*** Block opens ***
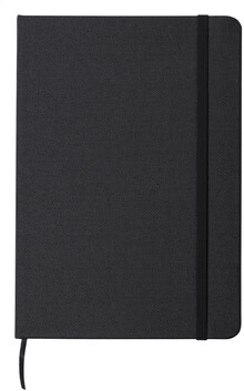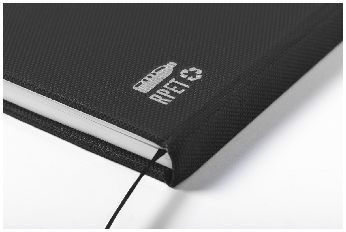 RPET blok A5 potažený polyesterem s 80 linkovanými listy, záložkou a gumičkou.
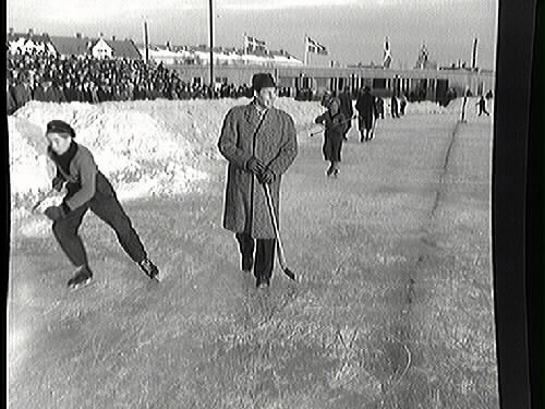 Jörgen Wasberg skadad. Bandymatch med resultatet ÖSK-Bollnäs 1-2.
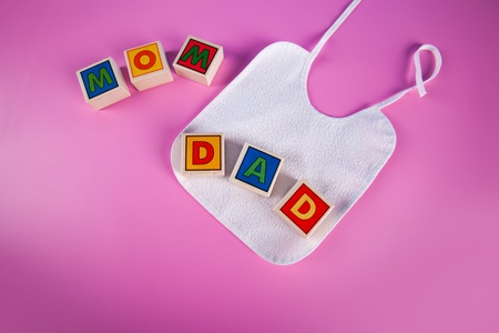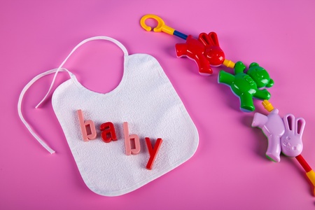 Silicone baby bib on pink pastel background
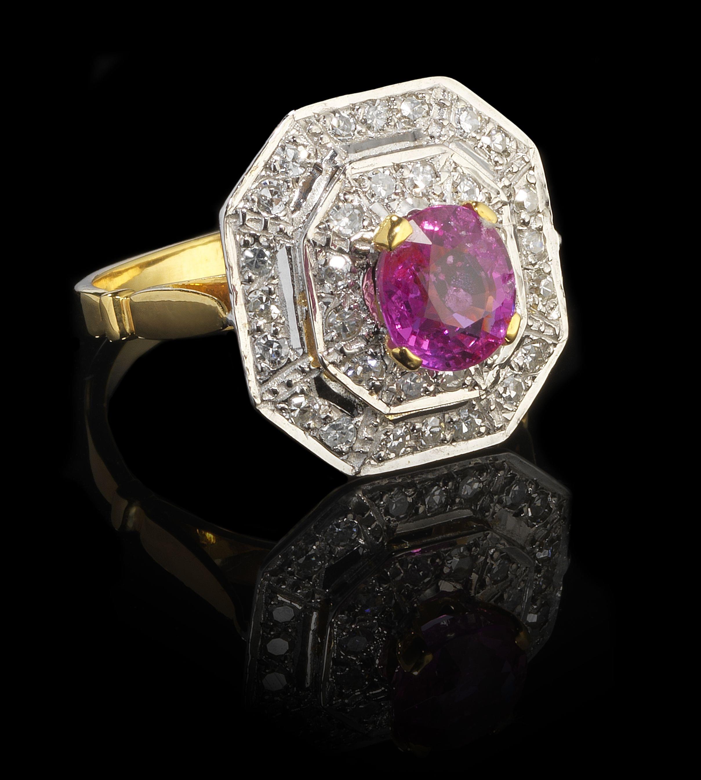 3490. *Bague octogonale sertie d'un saphir rose birman non chauffé taille ovale (1,37 ct) dans un pavage de diamants
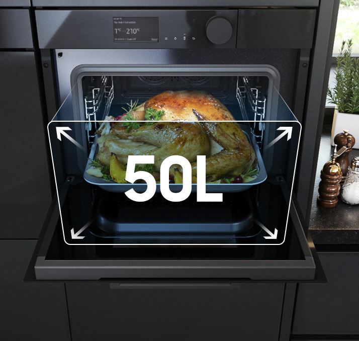 Створюйте все більші і більші страви з величезною 50-літровою духовкою. Духова шафа відкриває більше можливостей на домашній кухні. Ви можете готувати різні страви на різних рівнях, наприклад, овочі, пироги, запіканки або макаронні вироби. У ній можна легко розмістити великі страви, наприклад, велику печеню або індичку.
*** Block closes ***
* Work request *
Copy exactly the lines from the one containing "Silicone baby bib on pink pastel background" to the end of the records, both included, and leave the pictures out.

* Answer to this task *
 Silicone baby bib on pink pastel background
 3490. *Bague octogonale sertie d'un saphir rose birman non chauffé taille ovale (1,37 ct) dans un pavage de diamants
 Створюйте все більші і більші страви з величезною 50-літровою духовкою. Духова шафа відкриває більше можливостей на домашній кухні. Ви можете готувати різні страви на різних рівнях, наприклад, овочі, пироги, запіканки або макаронні вироби. У ній можна легко розмістити великі страви, наприклад, велику печеню або індичку.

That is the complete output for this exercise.